The reason we age, then, is partly because we have failed to evolve sufficient defences against our environment causing our bodies to physically break down as time passes. It is partly because our evolution has preferred to produce a metabolic rate which is high enough to allow an active lifestyle but which thereby produces more endogenous free radicals. And it is partly because evolution has not, and will not, rid us of our late-acting deleterious mutations. And these failures of evolution are predictable outcomes of the essential nature of the selective process. These ideas are now supported by a consensus of scientists. In a position paper co-signed by 52 biologists of human ageing, Olshansky claims that ‘aging is a product of evolutionary neglect, not evolutionary intent’ (Olshansky et al. 2002).
These explanations, on their face, pose a fairly serious threat to the argument from evolution, at least as it is applied to the process of ageing. Ageing is not the result of an optimising process, it is merely a byproduct of an optimising process. Even if evolution is a ‘blind watchmaker’, to use Richard Dawkins’ metaphor, ageing does not seem to be part of the watch. Caplan suggests that this is fatal for the argument from evolution, since—he says—the arguments of philosophers like Fukuyama and Parens depend on the idea that evolved traits must necessarily ‘advance the evolutionary success of a species or population’ (Caplan 2005).Footnote 4
I think we need to be a little more careful than this. In the first place, virtually no traits exist in order to advance the success of the population as a whole, because the great majority of selective forces operate at the level of the individual (Williams 1972; Maynard Smith 1964). So the most reasonable version of the argument from evolution would depend only on the idea that evolved traits must advance the survival and reproductive successes of individuals.

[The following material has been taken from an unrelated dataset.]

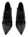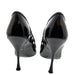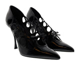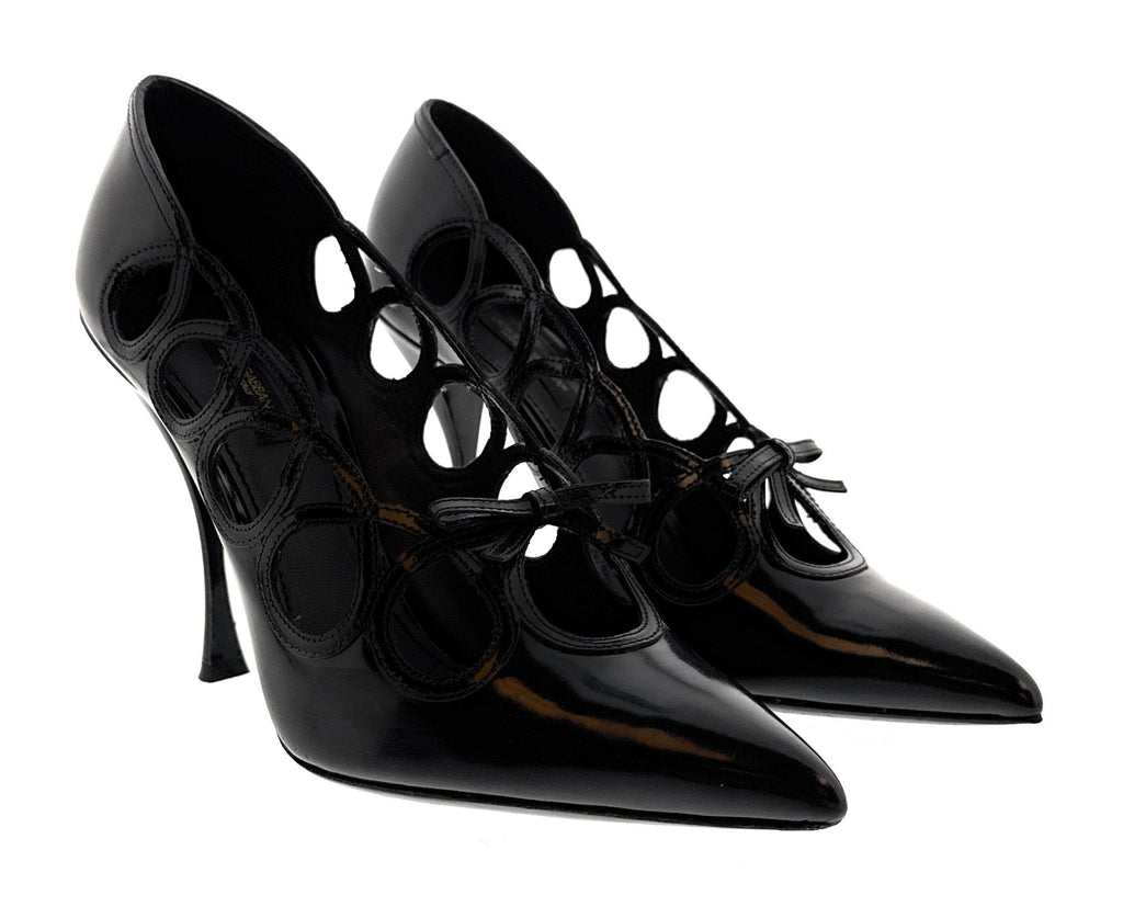 These avant-garde black patent heels feature a bold cut-out design with circular patterns and delicate bows, blending modern artistry with timeless elegance.

And we do not yet have cause to reject the idea that ageing has advanced the evolutionary success of human individuals. Proponents of this view might object that when we decide to neglect some good, it is usually in order that we can direct our attention elsewhere. If the traits of senescence accrued in the genome through a process of evolutionary neglect, that may mean that some other beneficial trait was produced at the expense of long youth; and perhaps we cannot throw out the chaff (ageing) without losing the wheat (beneficial adaptations). For example, it could be that allowing cellular oxidation is the only tradeoff which would allow high rates of activity along with a relatively low susceptibility to cancer.
If human senescence is the price we have paid for our adaptive traits, like activity and cognitive capability, then perhaps there is a ‘ruthless adaptive logic’ to ageing after all—perhaps age has evolved as the necessary byproduct of an optimising process. And perhaps proponents of the argument from evolution might also point to the direct benefits of ageing: the cancer-protecting upsides of our most deleterious genes and of the process of cellular oxidation. These suggestions should seem implausible, but they are not certain to be false. If we are to completely reject the argument from evolution, we need to say a little more than Caplan does.